Günlük yaşantımızda kullandığımız kelimelerin bir çoğunun ilginç hikayeleri var. Bildiklerinizi burada paylaşır mısınız?
DAYI : Çince’de “büyük” anlamına gelen “tay” kelimesi ile Türkçe’deki “aga” kelimelerinin birleşimi olan “tayaga” kelimesinin değişerek dayı şeklini aldığı söyleniyor. Kaşgarlı Mahmut bu kelimeyi “tagay” şeklinde yazmış.
TEYZE : Teyze kelimesi de dayı kelimesine benzer bir hikayeye sahip. “tay” ve “eze” kelimeleri birleşmiş. “Eze” Türkçe’de “ece” kelimesi ile aynı kökten geliyor ve anlamı “abla”.
BİSKÜVİ : Bisküvi kelimesi Fransızca’daki "bis cuit" yani “iki kere pişmiş” ifadesinden geliyormuş. Fransa kralı 2. Henry bir fırıncıdan değişik bir pasta istemiş. Fırıncı nasıl bir pasta yapabileceğini düşünürken, oğlu fırının yanı başında önceden babasının yoğurup hazırladığı hamuru bozulmamsı için küçük parçalara ayırıp fırınlamış, pişen çörekleri yağlayıp tekrar fırına sürmüş. Ortaya çıkan kıtır çörekler kralın hoşuna gitmiş.

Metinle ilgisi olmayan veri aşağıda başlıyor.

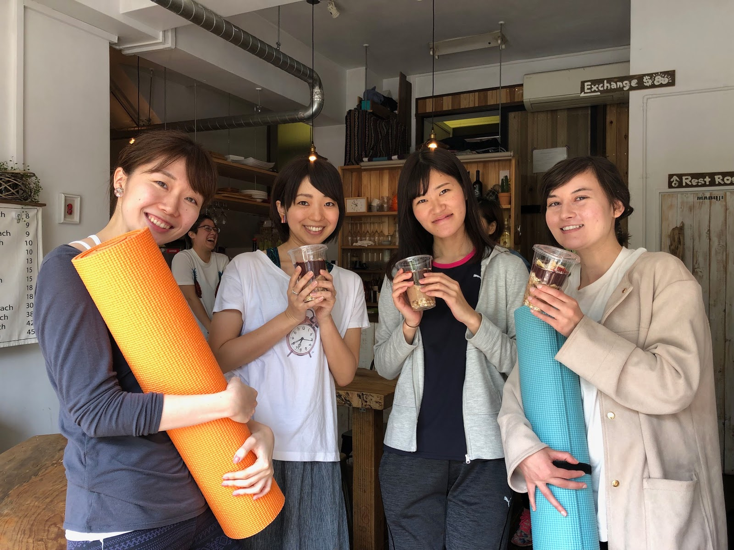 健康部という名にふさわしく、始業前に朝ヨガをした日も。ヨガのクラスとセットになった朝食用のアサイーボウルを持って。

ÇOCUK : Bu kelimenin Eski Türkçe’de “domuz yavrusu” ve “her şeyin küçüğü” anlamında kullanıldığını söyleyenler var.
BÖYLE, ŞÖYLE : Dikkatlice baktığınız zaman aslında bu kelimelerin “bu ile” ve “şu ile” olduklarını görebilirsiniz.
ŞEFTALİ : Farsça’daki “şaft” yani “kaba, iri” kelimesi ile yine Farsça “alu” yani erik kelimelerinden oluşmuştur.
NE : Yunanca’da “evet” Bulgarca’da “hayır” anlamına geliyor.
SÜMÜK Azerice’de kemik anlamındadır.
“ANAHTAR” Rumca’dır ve Farsça’da somun anahtarına “açar” derler.
SALEP : Salep kelimesi Arapça “Sa’leb” yani tilki kelimesinden geliyor. Nedeni de şu: Salep içiceği orkide bitkisinin yumru halindeki kökünün öğütülmesiyle elde ediliyor. Orkide kelimesinin aslı ise Latince’de “orchis” yani “husye”. Araplar bu bitkiye “husyatus-sa’leb” diyorlar. İngilizcesi ise “ballockswort”.